Since I’m not diagnosed I try to self-medicate. I talk to myself, try to sing it away, write, work on the Eurovision Confessions queue. Sometimes it works when I’m alone. But when they’re around they then tell me to shut up, stop singing, quit being snarky, stop using any language that’s not English or Mandarin so I can’t fight back. My symps start firing at overload, and there’s absolutely no way to use the methods that CAPS or my neuroanatomy prof taught to breathe, count to ten, and starve out a panic attack. They’ll be standing in front of me when I try to go down the stairs, when I’m leaving the bathroom, when I’m in the kitchen making dinner, telling me off again and that everything I do is a waste of time. I’m sometimes less than 20 centimeters away from them, and I know I can push them down or close the door on them. I know what a kitchen knife can do while making a pot of stew. And yet I don’t do anything, because they’ll throw me out and I don’t have a stable enough income to make it by myself. Or they’ll call the police for bodily harm. I don’t want to cry but sometimes it comes out as voluntarily as breathing and swearing (and it’s just great that it leads to a blocked nose and inhibited breathing in about 15 seconds); I shake on the inside like the Spitak earthquake of 1988.

I just want to talk to someone else outside of the family and vent it all out over coffee. Or go to an open mike night and sing it out, the bright lights blinding me so I can’t see the audience while singing off-key.

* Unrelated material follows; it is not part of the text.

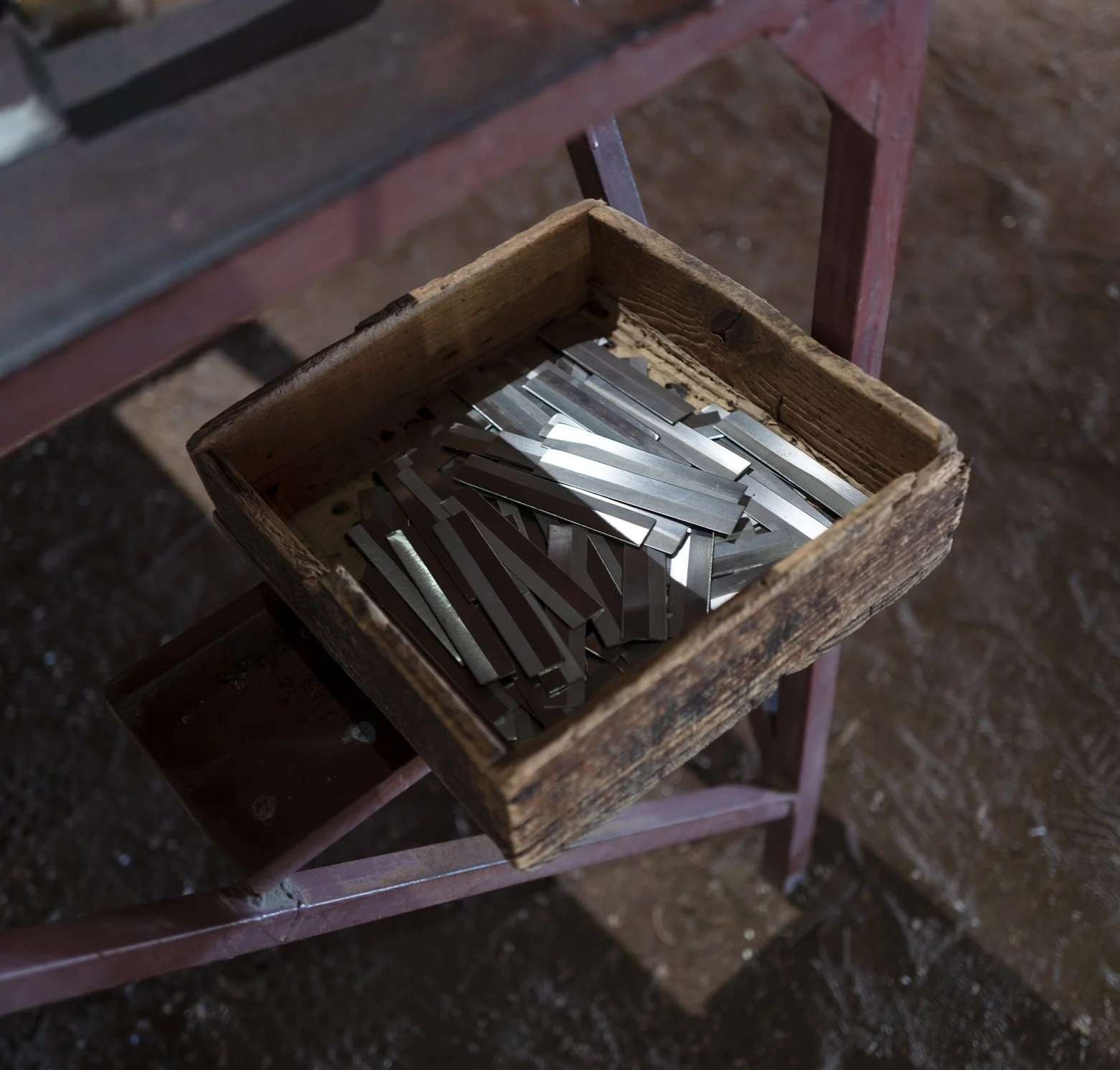16. e 17. CAIXA DE MADEIRA COM CONJUNTO DE LÂMINAS Caixa de madeira utilizada para armazenar lâminas destinadas à montagem das facas da marca Franzina. O aço utilizado nestas lâminas era importado da Suíça, da Áustria ou da Alemanha, consoante a flutuação cambial no momento da aquisição. Esta prática permitia ajustar a produção às variações económicas, mantendo a qualidade do material. Inv. CFC0016.25DFC.CM.B Inv. CFC0017.25DFC.L.B

Or maybe even just stand outside at 3AM and let out the loudest scream in the world for the darkness to take away all the pain. But no, I’m still at home, I can’t even mutter minced swears. I can only stay silent with a blank face, hoping that Constellation Prize starts playing on the Ohrwurm Network, thinking to myself, “If you don’t want to see me, go blind. If you don’t want to hear me, go deaf. I can’t move anyways.” I consider for a few seconds whether it’s a good idea to do that, and I quickly shake off the thought, reminding myself that I won’t be able to follow the next year’s Eurovision or watch South Park if I follow through.

Or in the worst case scenario, I’d learn to wear heels. Bare feet don’t do much damage when stepping on someone. Heels do. And you never know when that would come in handy.

***After reading this through a few times, I’m going to keep this post as a record in case I get to actually see someone about this.